Germany’s Financial Supervisory Authority is investigating Binance for its offering of tokenized shares and is already holding a preliminary opinion that doesn’t look too encouraging for the world’s leading crypto exchange.
According to a legal opinion published on its official website, the Bundesanstalt für Finanzdienstleistungsaufsicht —or simply BaFin— considers that Binance would be violating securities laws by issuing shares of publicly traded companies like Tesla, regardless of whether or not they are being exchanged on the blockchain.
If It Looks Like a Security, Smells Like a Security, and Behaves Like a Security…
A tokenized share is the representation of a stock on a blockchain. It is in theory backed 1:1 by real shares purchased by Binance. Tokens behave similarly to normal stocks, paying dividends in cryptocurrencies in the same way a normal stock would.
In very simple terms, they operate in a similar way to a stablecion, except that the underlying asset is a share instead of money. Bittrex and FTX already offer support for tokenized stocks.
The BaFin statement did not distinguish between securities offered by traditional institutions and the product offered by Binance. It argued that Binance should have notified regulators and complied with all necessary procedures to offer securities to the German market.
A Costly Mistake
In particular, the BaFin explains that Binance should have published a prospectus with all the information required by law to rule out fraud and legal violations. After evaluating and approving the content of this prospectus, Binance would be legally authorized to offer the tokenized shares.
“BaFin has a reasonable suspicion that Binance Deutschland GmbH & Co. KG in Germany offers securities in the form of “share tokens” with the designations TSLA/BUSD, COIN/BUSD and MSTR/BUSD to the public without the necessary prospectuses on the website https://www.binance.com/de.”
According to BaFin, Binance’s decision to offer the famous Binance Stock Tokens constitutes a violation of Article 3(1) of the EUProspectus Regulation. If this were the case, the fines could be quite hefty for Binance, being calculated on the basis of the company’s total profit – and not only on the profit obtained from trading tokenized shares.
Pursuant to Section 24 paragraph 3 No. 1 WpPG, a breach of the prospectus obligation constitutes an administrative offence and can be punished with a fine of up to 5 million euros or 3 percent of the total turnover of the last financial year in accordance with Section 24 paragraph 6 of the WpPG. Fines may also be imposed up to twice the economic advantage of the infringement.
Binance Stock Tokens Are The Target of Regulators All Around The World
Germany is not the first country to issue an unfavorable opinion regarding Binance’s Stock Tokens. Just last week, UK authorities revealed that they were working to understand the legal nature of Binance Stock Tokens and determine whether or not they are securities. In the event that the statutory criteria deem the tokenized shares to be securities, Binance will also have to face the consequences in the UK.
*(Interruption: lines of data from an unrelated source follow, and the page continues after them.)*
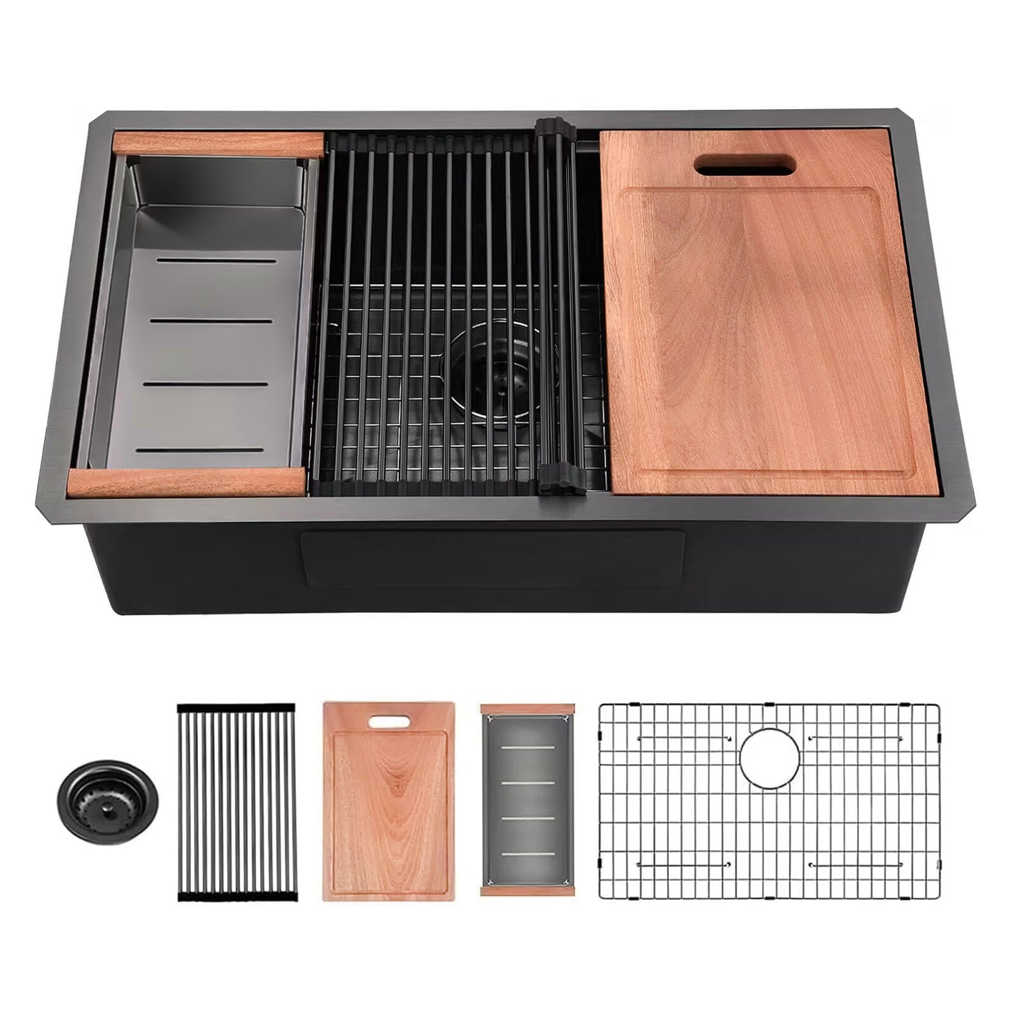 - Package Includes:28 gunmetal black stainless steel undermount workstation sink, colander, roll-up rack, bottom rinse grid, cutting board, basket strainer drain assembly, mounting clips, cut out template and installation instruction, the complete accessories meet your daily needs and bring great convenience to your life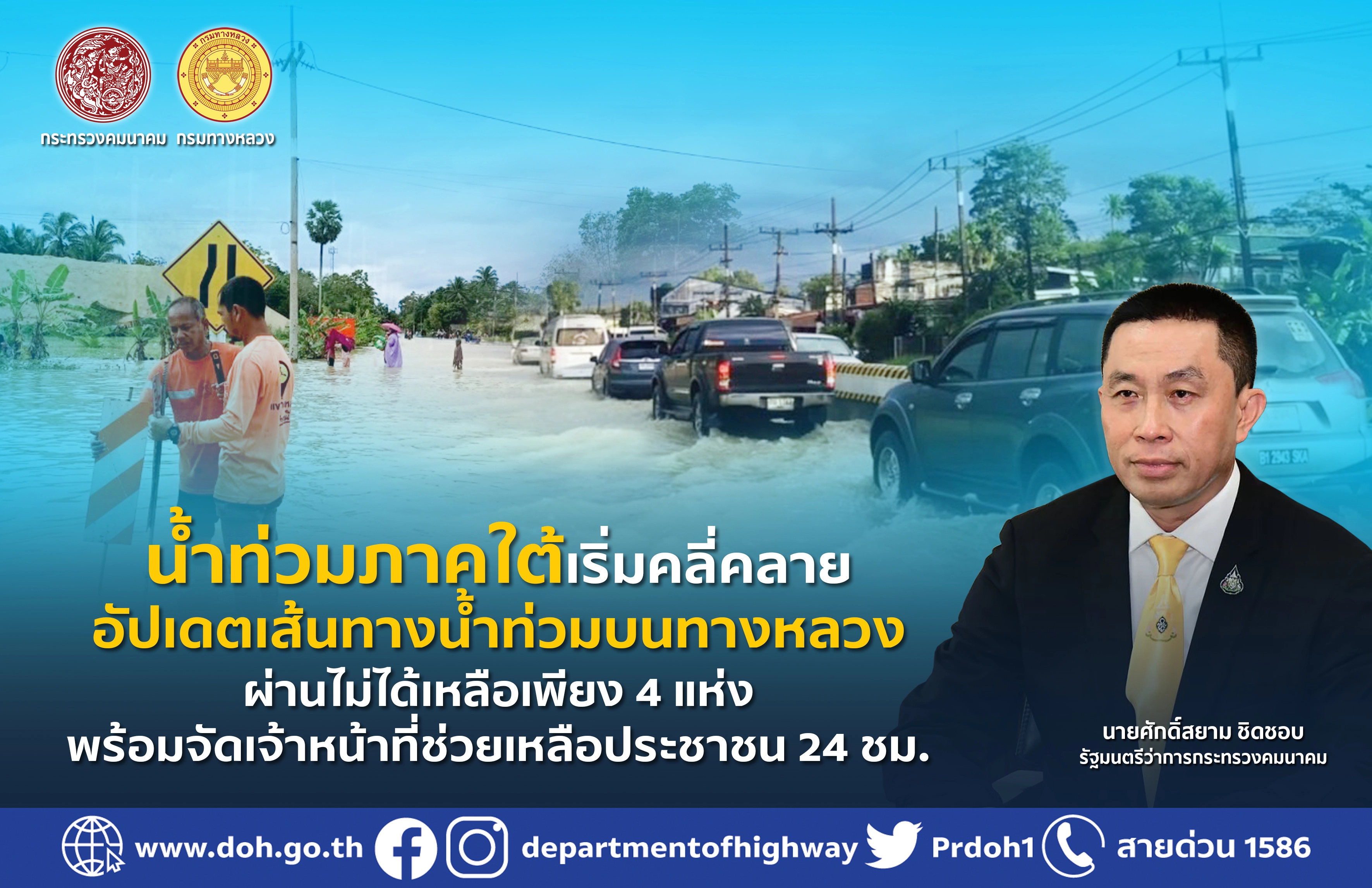 น้ำท่วมภาคใต้เริ่มคลี่คลาย อัปเดตเส้นทางน้ำท่วมบนทางหลวง ผ่านไม่ได้เหลือเพียง 4 แห่ง พร้อมจัดเจ้าหน้าที่ช่วยเหลือประชาชน 24 ชม.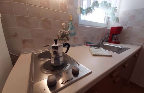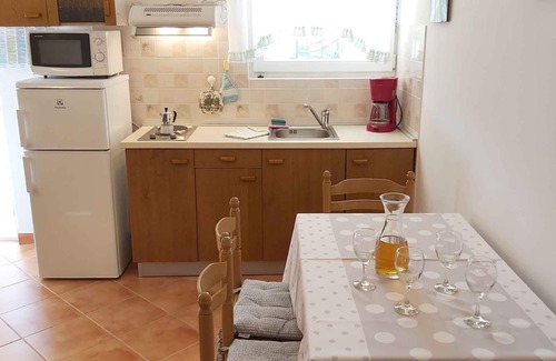 The detached holiday home built in 2004, was renovated in 2019 and is furnished in a typical country style. The property is located in the town centre. Also due to its quiet and sunny location the domicile is popular. Available for your exclusive use: sunbathing lawn, sun lounger, terrace, garden furniture and courtyard.LocationPeroj, district Peros 115b. The holiday home is located on a 100 sqm enclosed garden plot with meadow, flowers and shrubs, bordered by a fence and a hedce. The landlord lives in a separate building on the property. Access is via a side road (asphalted). Parking (for 1 car) is available in a garage and on the property. Specialair conditioning.Facilities: internet access (WLAN) and washing machine. TV reception takes place via satellite. Leisure2 bicycles. Dogsnot allowed. DistancesShopping 150 m, restaurant 200 m, town center 100 m. doctor, pharmacy, bank each 3 km in Fazana. Pula: discotheque, cinema each 12,5 km. indoor swimming pool 13 km and airport 17 km. railway station in Vodnjan 4 km. Main road 200 m. Children's playground 500 m. In summer: Adriatic Sea 800 m in Peroj (beach 800 m in Peroj featuring gravel, stones and rocks). fishing, diving, water sports, boat rental, boat launch each 800 m in Peroj. dog beach in Portic Peros 800 m. DivisionHoliday home, 1 floor, 2 rooms (including 1 bedroom), 40 sqm, in total 4 beds (including 2 additional beds). RoomThe entrance to your holiday home is located on the ground floor and leads over 4 steps and an external staircase and the terrace directly into the kitchen-diner. Bedroom with 1 double bed. Living/bedroom with 2 additional beds on double sofa bed, sitting area, TV, dining area and access to the terrace. Cooking nook in the living & bedroom with TV, dining area, gas stove (2 flames), extractor hood, fridge (icebox), microwave, coffee machine, electric kettle and access to the terrace. Bathroom with washing machine, shower, 1 washbasin, WC, hairdryer and window. Terms of lease and pricesIncluded in the priceinternet access, air conditioning, parking place, electricity, gas, water, final cleaning, sunloungers, Bed linen (weekly change), Wireless Internet access. Side costs-Additionally(Payable when booking)/local tax.Costs on the spot:/On request:bicycle 15 € per bicycle per day.Deposit:EUR 100,-/object
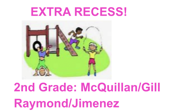 2nd Grade/ 30 minutes of Extra Recess for McQuillan/RaymondKiernan's whole class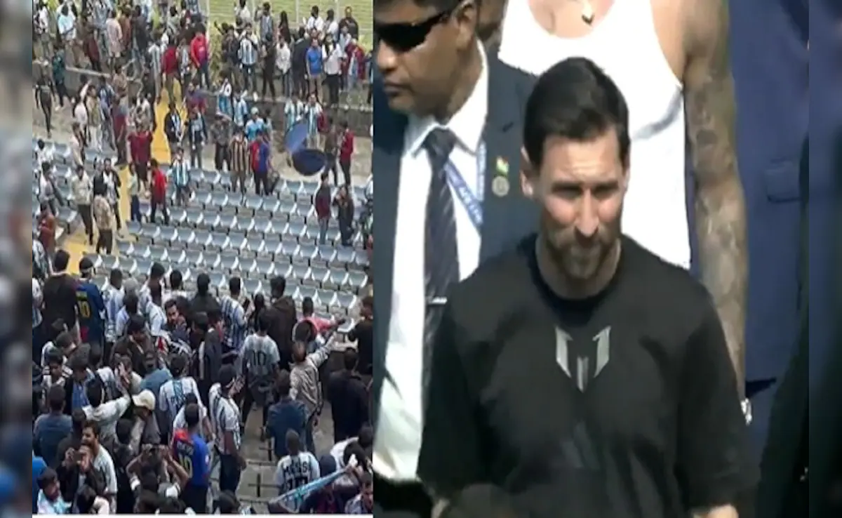 साल्ट लेक स्टेडियम में मेस्सी मैदान का पूरा चक्कर भी नहीं लगा पाए। उनके चारों ओर मौजूद सिक्योरिटी और ऑफिशियल्स के कारण दर्शकों की नाराजगी और बढ़ गई। बढ़ते हंगामे के बीच मेस्सी को स्टेडियम से बाहर निकाल लिया गया।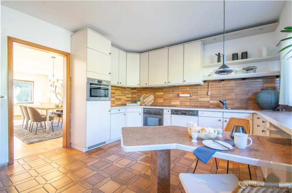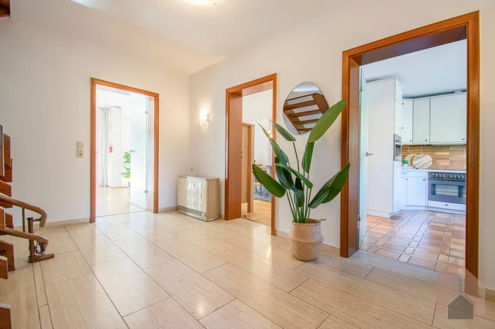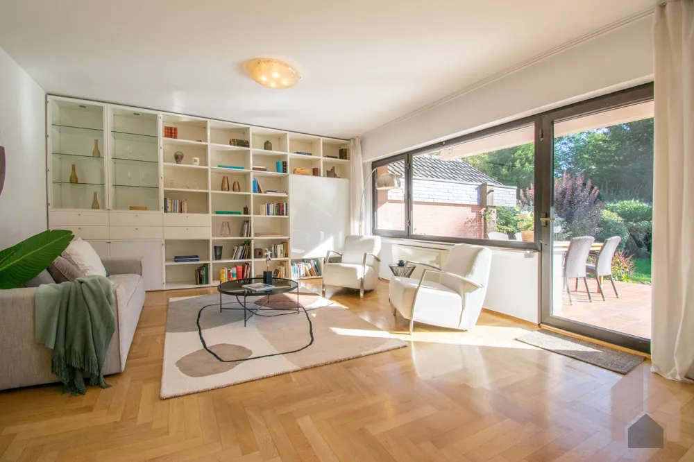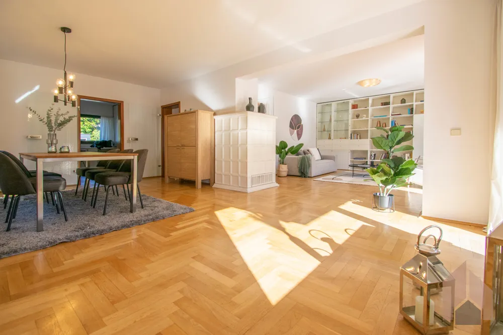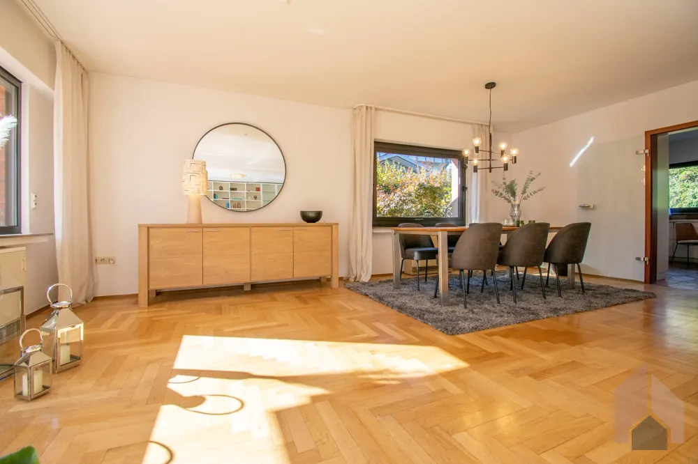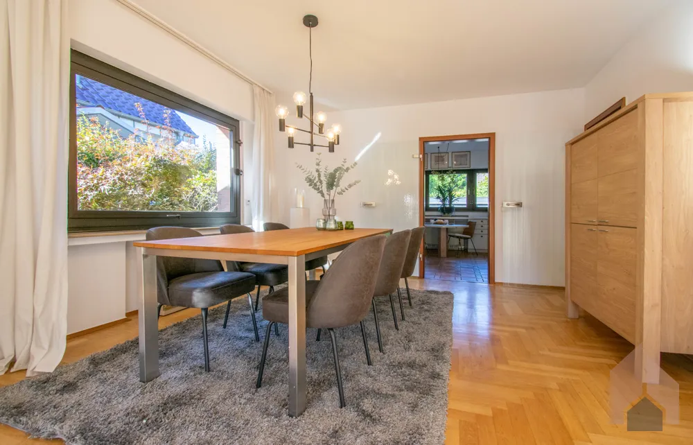 Große Fensterfronten und eine Terrassentür lassen die herbstlichen Sonnenstrahlen ins Haus und bieten einen fantastischen Blick in den gepflegten Garten. Für gemütliche Wintertage sorgt ein Kachelofen, der derzeit optisch den Ess- vom Wohnbereich trennt. Der zeitlose Einbauschrank bietet Ihnen viel Stauraum und vielfältige Dekorationsmöglichkeiten.

And according to information from the South China Morning Post, Hong Kong authorities could be evaluating a similar scenario. However, a spokesperson told the Asian outlet that the regulatory bodies in that country would not comment with official positions.
This recent regulatory pressure marks a new hurdle for Binance which recently bet on expanding its services, offering new tokenized stocks including Coinbase, MicroStrategy, Apple and Microsoft.